**WORK TO BE COMPLETED:**
Print all the data that follows exactly, images excluded.

**GIVEN DATA:**

►

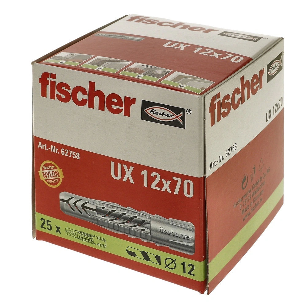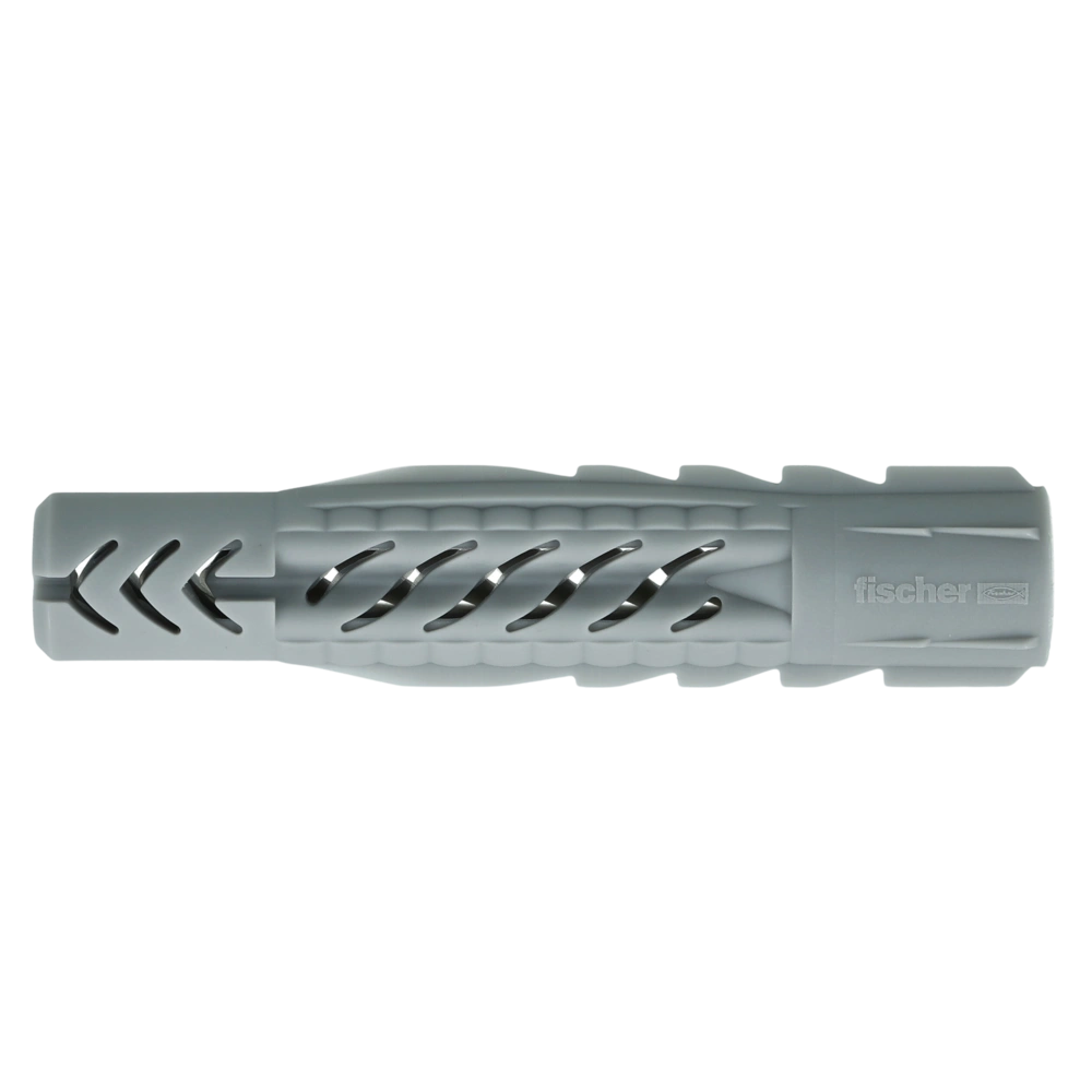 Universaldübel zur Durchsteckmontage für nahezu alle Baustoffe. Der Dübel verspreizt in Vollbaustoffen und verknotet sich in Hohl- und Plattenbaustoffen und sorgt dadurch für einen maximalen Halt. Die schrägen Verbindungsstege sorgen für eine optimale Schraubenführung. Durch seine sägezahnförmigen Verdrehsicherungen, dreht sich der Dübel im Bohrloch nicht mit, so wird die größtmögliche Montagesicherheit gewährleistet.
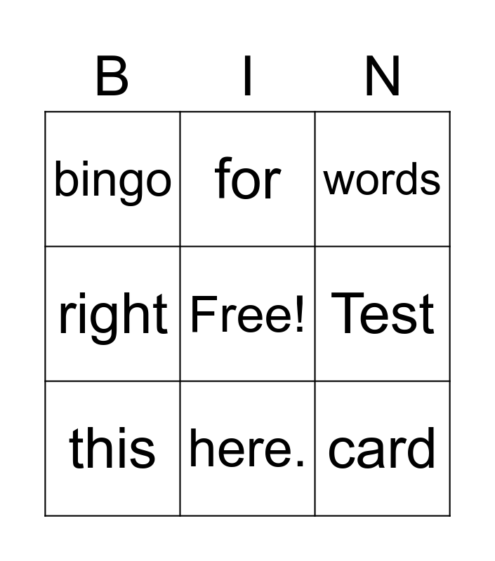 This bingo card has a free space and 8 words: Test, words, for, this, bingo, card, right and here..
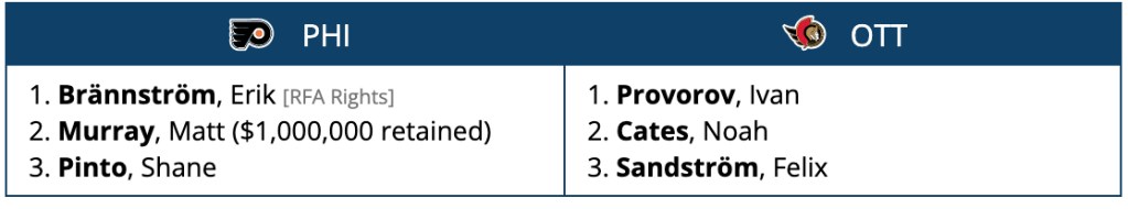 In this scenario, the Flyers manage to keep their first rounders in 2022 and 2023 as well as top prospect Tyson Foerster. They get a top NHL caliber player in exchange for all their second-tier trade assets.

◄

**ANSWER BOX:**
 Universaldübel zur Durchsteckmontage für nahezu alle Baustoffe. Der Dübel verspreizt in Vollbaustoffen und verknotet sich in Hohl- und Plattenbaustoffen und sorgt dadurch für einen maximalen Halt. Die schrägen Verbindungsstege sorgen für eine optimale Schraubenführung. Durch seine sägezahnförmigen Verdrehsicherungen, dreht sich der Dübel im Bohrloch nicht mit, so wird die größtmögliche Montagesicherheit gewährleistet.
 This bingo card has a free space and 8 words: Test, words, for, this, bingo, card, right and here..
 In this scenario, the Flyers manage to keep their first rounders in 2022 and 2023 as well as top prospect Tyson Foerster. They get a top NHL caliber player in exchange for all their second-tier trade assets.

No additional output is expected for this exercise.